Here we encounter a fundamental problem: Traditional permission systems are designed for direct, system-specific access – not for AI-mediated, cross-system queries.
The Problem in Practice
Fragmented permissions
Today you have various rights systems:
Active Directory for basic identities
Database rights for table access
Application rights in every tool
API rights for interfaces
Every system has its own rules. A project manager may view budget data for their project, but not the salary information of their team. This separation works as long as people work directly with individual systems.
AI breaks through boundaries
AI systems aggregate data from various sources. The query "How profitable is our largest project?" requires:
Customer data from the CRM
Cost data from the ERP
Efforts from project management
Personnel costs from HR systems
Suddenly, a user can access information through a single request that would be locked away from them in separate systems.
The Inference Problem
Even more critical: AI can draw unauthorized conclusions from permitted data. An employee may view project budgets and team sizes. However, salary information can be derived from this. Is this allowed?

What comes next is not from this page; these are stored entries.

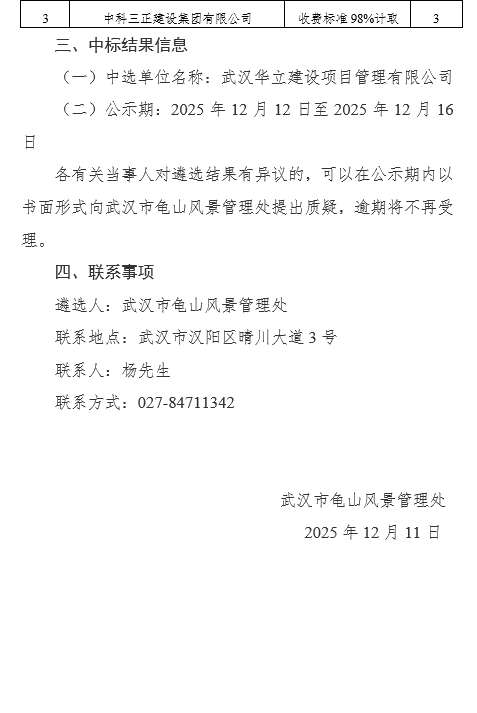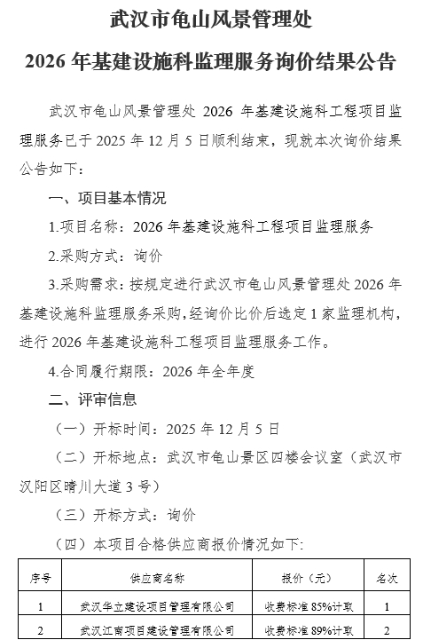 武汉市龟山风景管理处2026年基建设施科监理服务询价结果公告
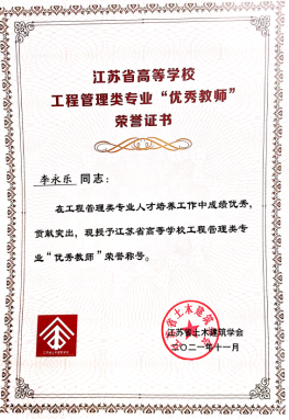 此次评选由江苏省土木建筑学会主办,秉持公平、公正、公开的原则,在院校推荐的基础上,由专家组成的评委会对候选教师的资格、资料、科研成果和综合教学能力进行了综合评定,最终从省内19所设有工程管理类专业的高校中评选出了8位优秀教师。
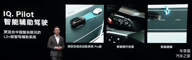 智驾方面,新车搭载新一代IQ.Pilot智能辅助驾驶,实现L2级辅助驾驶功能,拥有全速自适应巡航、车道居中保持、自动变道等功能。IQ. Drive泊车管家系统拥有自动泊车、记忆泊车、遥控泊车功能。
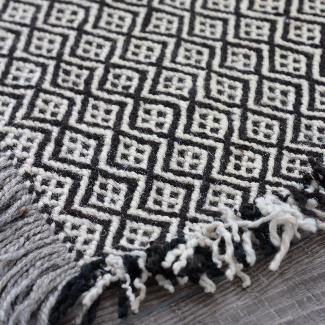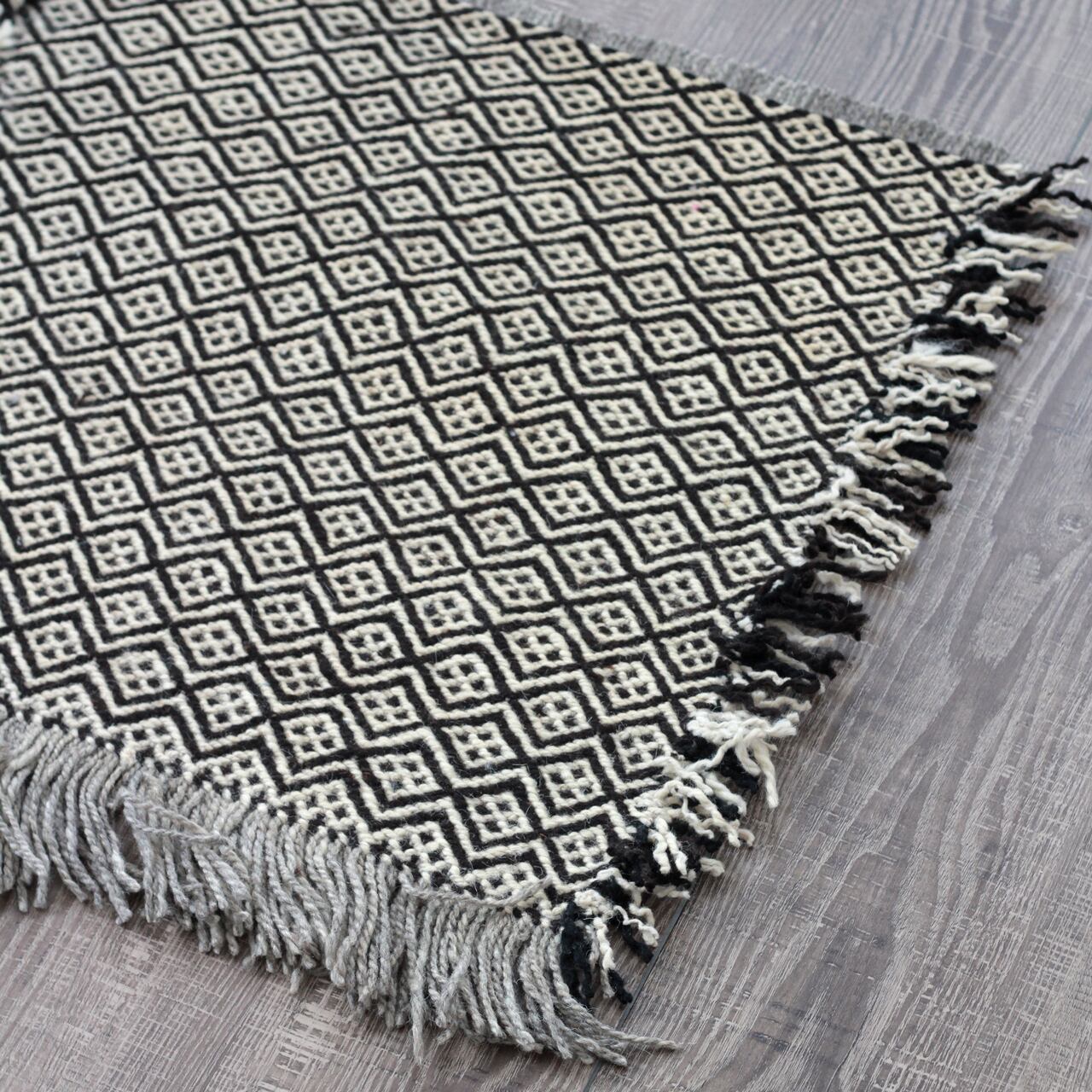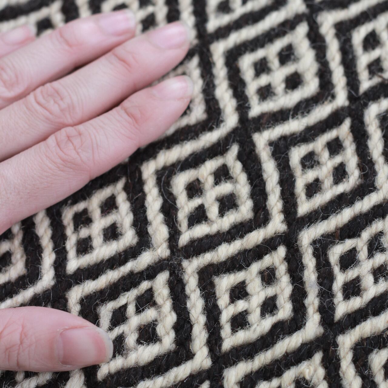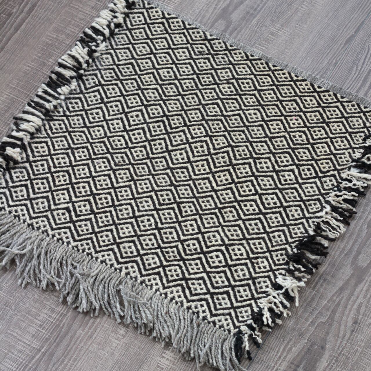 先人たちの失われた伝統を受け継いで、羊毛を手紡ぎ人の手で丁寧に織られたこだわりのスモールラグです。
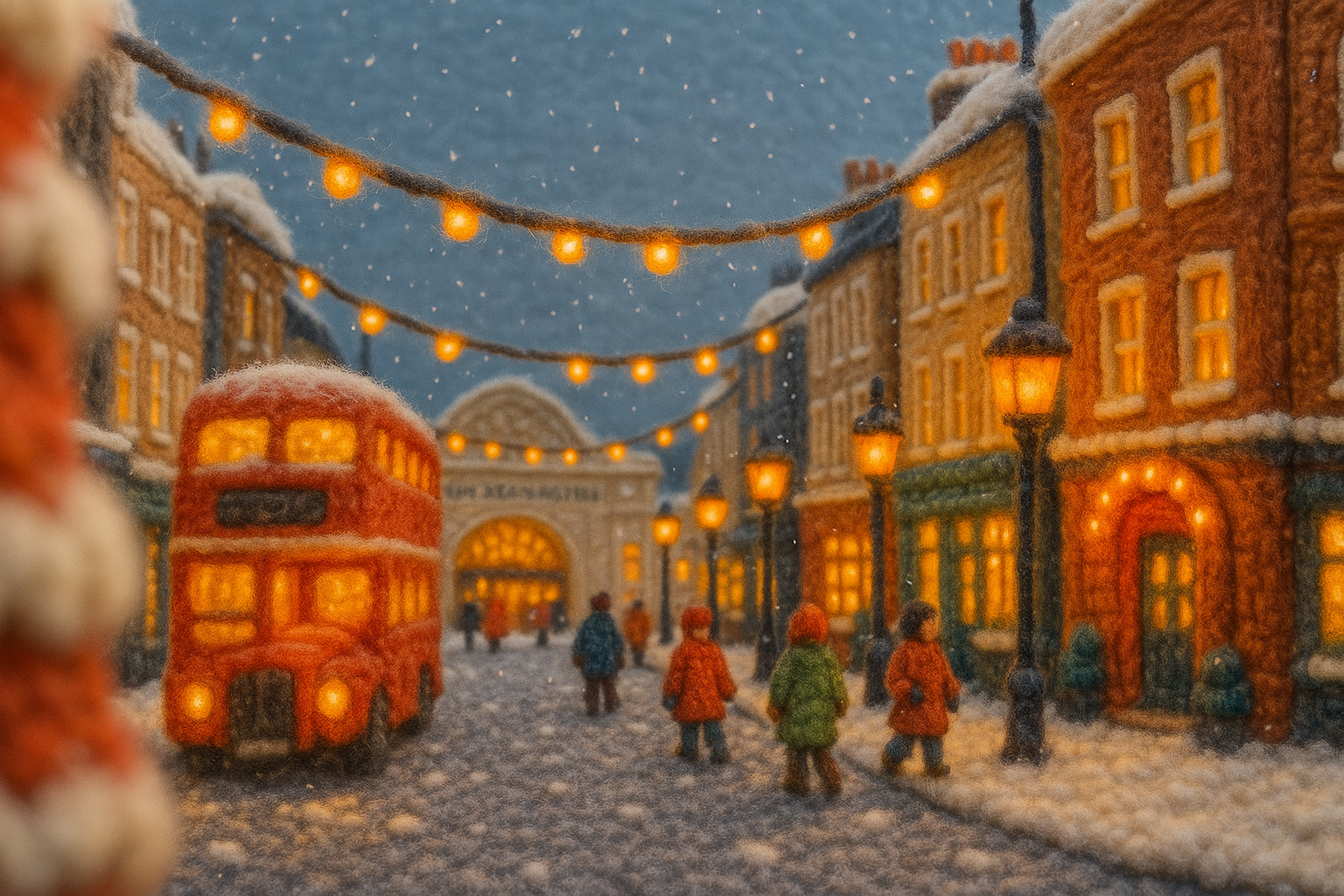 /Collection: /by davooda/Type: PNG/A charming 3D depiction of South Kensington, London, crafted to resemble woolen threads. It features a snowy street scene with warm lights, a double-decker bus, and tiny figures, creating a festive atmosphere.
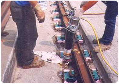 This is an injectable, flexible, load bearing noise and vibration resistant grout. It fixes track components to rigid substrates/slabs and steel plate. This type has been in use throughout Mexico, USA and Canada since 1981 without a failure. Shore Hardness, A 55 compressible.
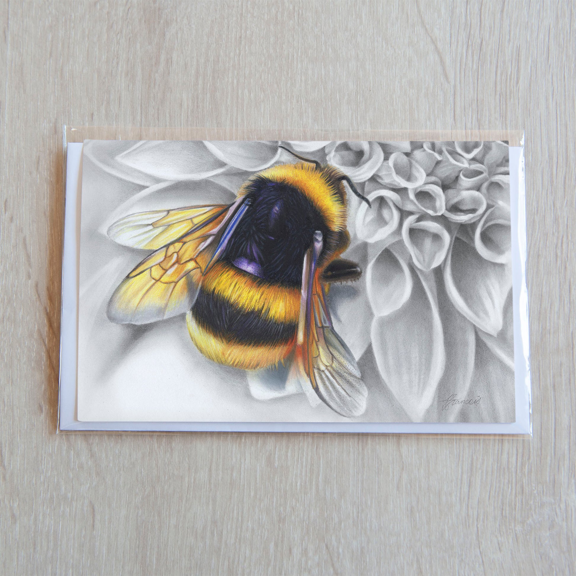 Glossy greeting card featuring 'Mumma Buzz' pencil drawing. Folded card is 11.5 x 18cm, blank inside and comes with envelope sealed in a clear cello bag.
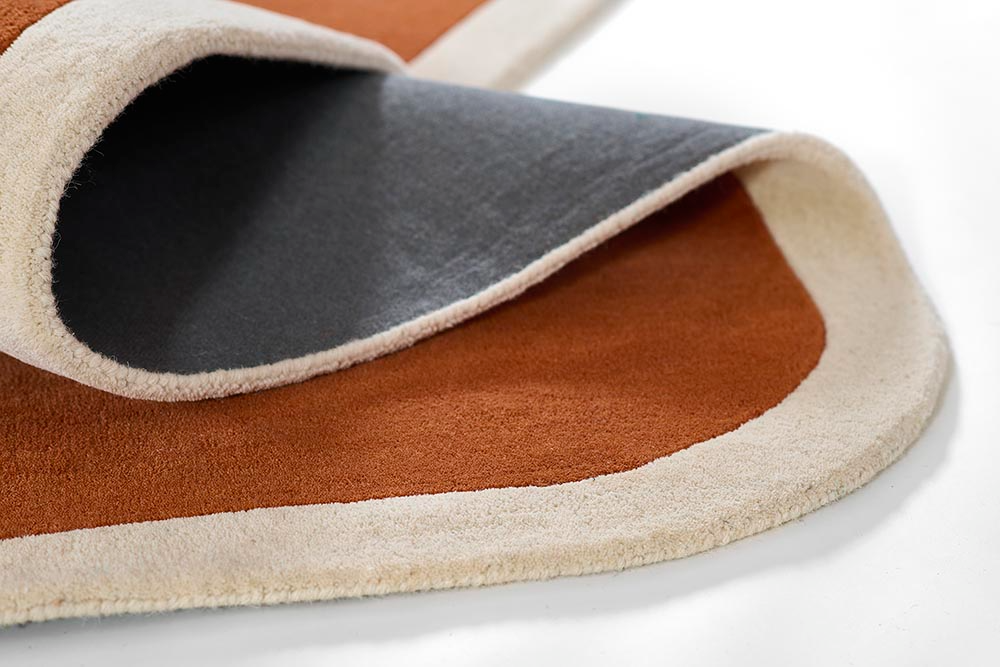 If you’re looking to add texture to a room without pattern, this vivid copper rug brings color and modern minimalism to your floors. Its bold color only serves to enhance a clean-lined space while nodding to retro-inspired trends. The rounded corners soften the design, while adding an organic feel and subtle movement.
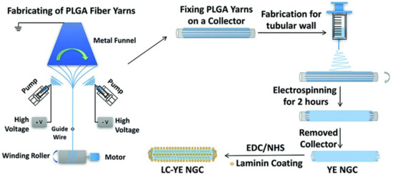 Figure 2. A schematic diagram of the fabrication of the laminin-coated and yarn-encapsulated PLGA (LC-YE-PLGA) nerve guidance conduit (YE NGC: yarn-encapsulated nerve guidance conduit; LC-YE NGC: laminin-coated and yarn-encapsulated nerve guidance conduit) [49]. Reproduced by permission of The Royal Society of Chemistry, 2017.
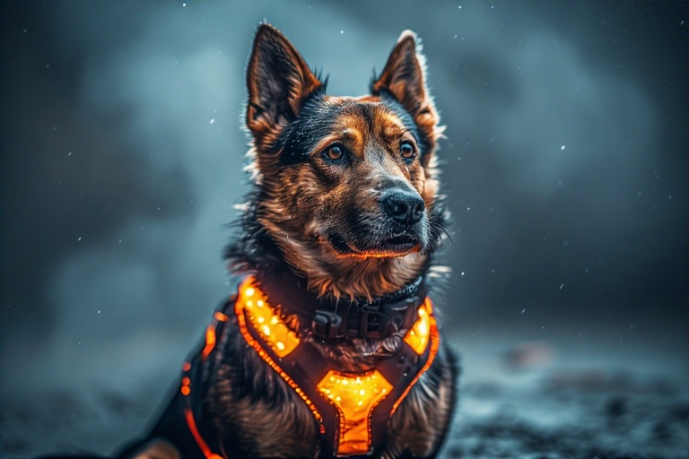 Secure, padded harness with night visibility.

Why existing solutions don't work
Roles are too rigid: "Project manager" says nothing about specific AI requests.
Individual permissions are too complex: Defining rules for every possible data combination is impossible.
Manual approvals are too slow: AI should deliver real-time responses.
What really works
1. Policy Engine als Gatekeeper
Instead of managing permissions in every system, a central engine decides on every AI request:
"May User X ask this type of question?"
"Is this request compatible with their role?"
"Could the result expose sensitive data?"
Practical: Systems like Open Policy Agent can do this today.
2. Intent-based permissions
Instead of asking "May they access Table Y?" ask "May they perform profitability analyses?"
Example rule: "Sales managers may analyze customer profitability, but not derive individual salaries."
3. Dynamic filtering
The AI system receives the request, but the Policy Engine filters the result:
Shows only data the user is allowed to see
Removes sensitive combinations
Logs everything for compliance
The pragmatic approach
Start small:
Implement a Policy Engine for your first AI system
Define 5-10 basic rules
Expand gradually
Use existing tools:
Your identity systems remain
Just add a central decision layer
No complete re-architecture needed
Focus on critical data:
Not everything needs to be perfect
Protect salary data, finances, personnel data first
The rest can wait
The reality
Without solving this problem, AI systems remain limited to non-critical areas. The permissions problem becomes a bottleneck for serious AI usage.
The good news: You don't have to solve everything at once. Start with a Policy Engine for your first productive AI system. Learn from it. Expand gradually.
The alternative is to keep AI permanently in the sandbox.